# rc.conf y limpiar de kernel viejos (SOLUCIONADO)

## dmery

Gentoonitas,

Saludos a todos, aqui les comento una cuestion a ver si me pueden dar una mano. Pasa que todavia no entiendo bien la cuestion del etc-update (a menudo "meto la pata"). La primer medida que tome para no molestar a cada rato es cada vez que tengo archivos para updatear, los copio en mi /home, tanto los viejos como los nuevos, cosa que si "meto la pata" repongo los viejos y sigo adelante.

Bien el otro dia quedo para updatear el <rc.conf>, copie el archivo original en mi /home y lo sustitui por el nuevo <._cfg0000_rc.conf>, paso que despues tuve problemas, lo que origino mi post "ayuda urgente"; gracias a la ayuda de los companieros lo pude resolver (repuse el rc.conf original utilizando Knoppix), pero lamentablemente perdi el archivo <._cfg0000_rc.conf>, a partir de ahi copio ambos archivos (original y actualizacion) en mi /home. Ahi va la pregunta: como puedo "recuperar" el archivo <._cfg0000_rc.conf> ? Debo hacerlo del portage ? Pasa que esa configuracion me resolvia dos problemas que aparecen en el momento de "bootear"; algo como que no debo seguir utilizando:

/etc/hostname sino /etc/conf.d/hostname

/etc/rc.conf sino /etc/conf.d/keyboard

/etc/rc.conf sino /etc/conf.d/clock

Creo que se refiere al hostname, el teclado y la actualizacion del reloj, estos dos ultimos los pude resolver cuando actualice con etc-update el rc.conf, claro que me dio problema y no podia cargar el KDE, lo que motivo -knoppix mediante- que retornara el original rc.conf.

La otra cuestion es que finalmente pude configurar el nuevo kernel 2.6.12-gentoo-r6 y me quedan dos anteriores (2.6.12-gentoo-r3 y 2.6.7-gentoo-r11). Como puedo limpiar esos anteriores kernels que no me interesan sin correr riesgos y limpiando el sistema de "restos" inservibles?  Solo debo borrar en /etc/boot los archivos referido a esos dos kernels, ademas borrar en /usr/share/src los archivos y directorios de ambos kernel antiguos ?

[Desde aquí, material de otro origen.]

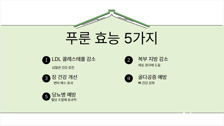 LDL 콜레스테롤 감소 효과: 푸룬에 풍부하게 함유된 식이섬유는 콜레스테롤 수치를 개선하는 데 효과적입니다. 캘리포니아 푸룬 협회에 따르면, 푸룬은 포화지방 함량이 낮고 식이섬유가 풍부하여 콜레스테롤 수치 개선에 긍정적인 영향을 미칠 수 있다고 합니다.
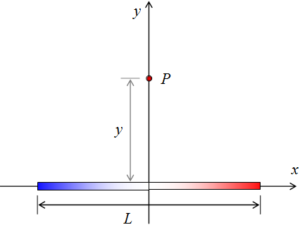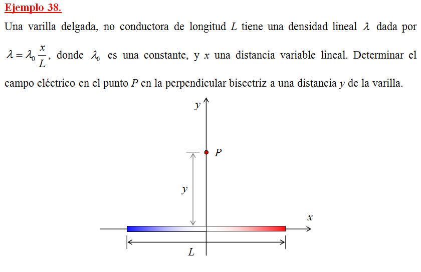 , donde es una constante, y x una distancia variable lineal. Determinar el campo eléctrico en el punto P en la perpendicular bisectriz a una distancia y de la varilla.

Amigos gracias por la ayuda

Salu2

Daniel Mery  :Smile: 

----------

## Stolz

El archivo /etc/rc.conf pertenece al paquete sys-apps/baselayout asi es que para obtener el archivo de la ultima actualizacion puedes hacer un

```
# emerge --noconfmem baselayout
```

Lo interesante de este comando es el parametro --noconfmem, que leyendo la ayuda de emerge verás que sirve justo para lo que tu quieres:

```
# emerge --help

...

--noconfmem

              Portage keeps track of files that have been placed into

              CONFIG_PROTECT directories, and normally it will not merge the

              same file more than once, as that would become annoying. This

              can lead to problems when the user wants the file in the case

              of accidental deletion. With this option, files will always be

              merged to the live fs instead of silently dropped.

...
```

Sobre el otro asunto, puedes ver una lista de todas las versiones de kernels (y otros porgramas) instalados con el comando

```
# emerge prune -p
```

Con todos los kernels que ya no necesites haz los siguiente:

 Desinstalarlo con emerge -C =nombre_del_kernel-version

 Borrar el directorio /usr/src/nombre_del_kernel-version

Borrar el directorio /lib/modules/nombre_del_kernel-version

Espero haberte ayudado.

Saludozzzzz

----------

## dmery

Stolz, 

muchas gracias por tu ayuda, como siempre fue positiva. Una ultima preguntita:

con emerge -C <package> puedo borrar todos los que no estan protegidos en la lista que genera <emerge prune -p>, por ejemplo los kde 3.3.2 o 3.2.2, dado que ya estoy utilizando le 3.4.1. ?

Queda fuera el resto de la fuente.